## Data below

>>

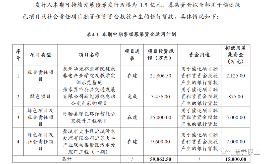 本期債券的發(fā)行規(guī)模為1.5億元,發(fā)行期限為2年。根據(jù)公開(kāi)披露的信息,本次債券的募集資金用途為償還綠色項(xiàng)目及社會(huì)責(zé)任項(xiàng)目融資租賃資金投放產(chǎn)生的銀行貸款,共涉及到4個(gè)項(xiàng)目,分別屬于社會(huì)責(zé)任項(xiàng)目和綠色項(xiàng)目路。與此同時(shí),募集說(shuō)明書(shū)同時(shí)披露了4個(gè)募投項(xiàng)目的經(jīng)濟(jì)效益、社會(huì)效益和環(huán)境效益。
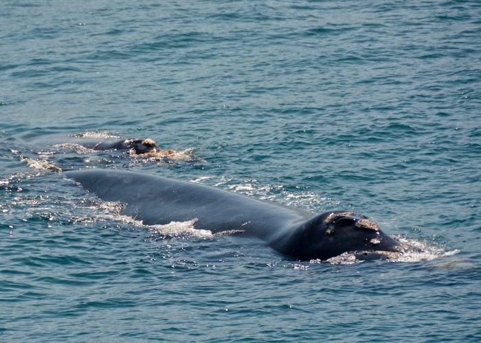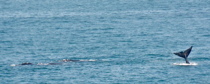 The following day was even better. In the morning as we watched from Gearing’s Point, four whales with their calves paraded past where we were standing on the cliffs. They are huge animals – I’m guessing the mothers were over forty feet long. They took their time, before finally moving on.
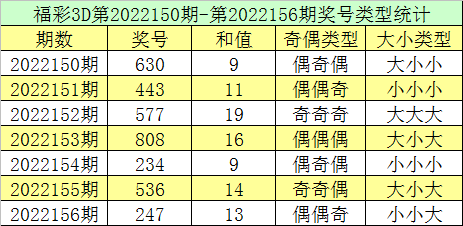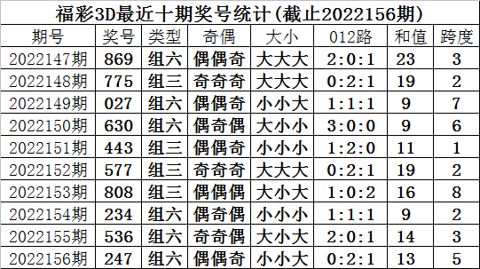 福彩3D第2022156期回顾:奖号为247,奖号奇偶比为1:2,大小比为1:2,和值为13,类型为组六。
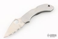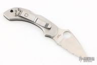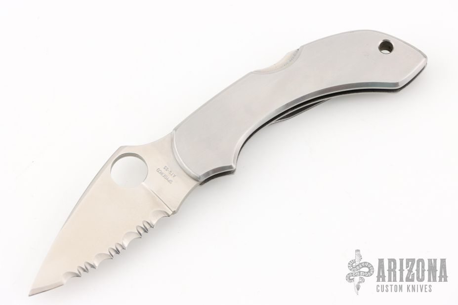 This Dragonfly Lock Back folder by Spyderco features a satin finished blade with thumbhole. The handle is stainless steel with lanyard hole in pommel. Has a couple light scratches, excellent condition otherwise. Coems with original box.

<<

## Assigned task
Please repeat every line from the listing above exactly as it appears. Drop the pictures.

## Solution to this exercise
 本期債券的發(fā)行規(guī)模為1.5億元,發(fā)行期限為2年。根據(jù)公開(kāi)披露的信息,本次債券的募集資金用途為償還綠色項(xiàng)目及社會(huì)責(zé)任項(xiàng)目融資租賃資金投放產(chǎn)生的銀行貸款,共涉及到4個(gè)項(xiàng)目,分別屬于社會(huì)責(zé)任項(xiàng)目和綠色項(xiàng)目路。與此同時(shí),募集說(shuō)明書(shū)同時(shí)披露了4個(gè)募投項(xiàng)目的經(jīng)濟(jì)效益、社會(huì)效益和環(huán)境效益。
 The following day was even better. In the morning as we watched from Gearing’s Point, four whales with their calves paraded past where we were standing on the cliffs. They are huge animals – I’m guessing the mothers were over forty feet long. They took their time, before finally moving on.
 福彩3D第2022156期回顾:奖号为247,奖号奇偶比为1:2,大小比为1:2,和值为13,类型为组六。
 This Dragonfly Lock Back folder by Spyderco features a satin finished blade with thumbhole. The handle is stainless steel with lanyard hole in pommel. Has a couple light scratches, excellent condition otherwise. Coems with original box.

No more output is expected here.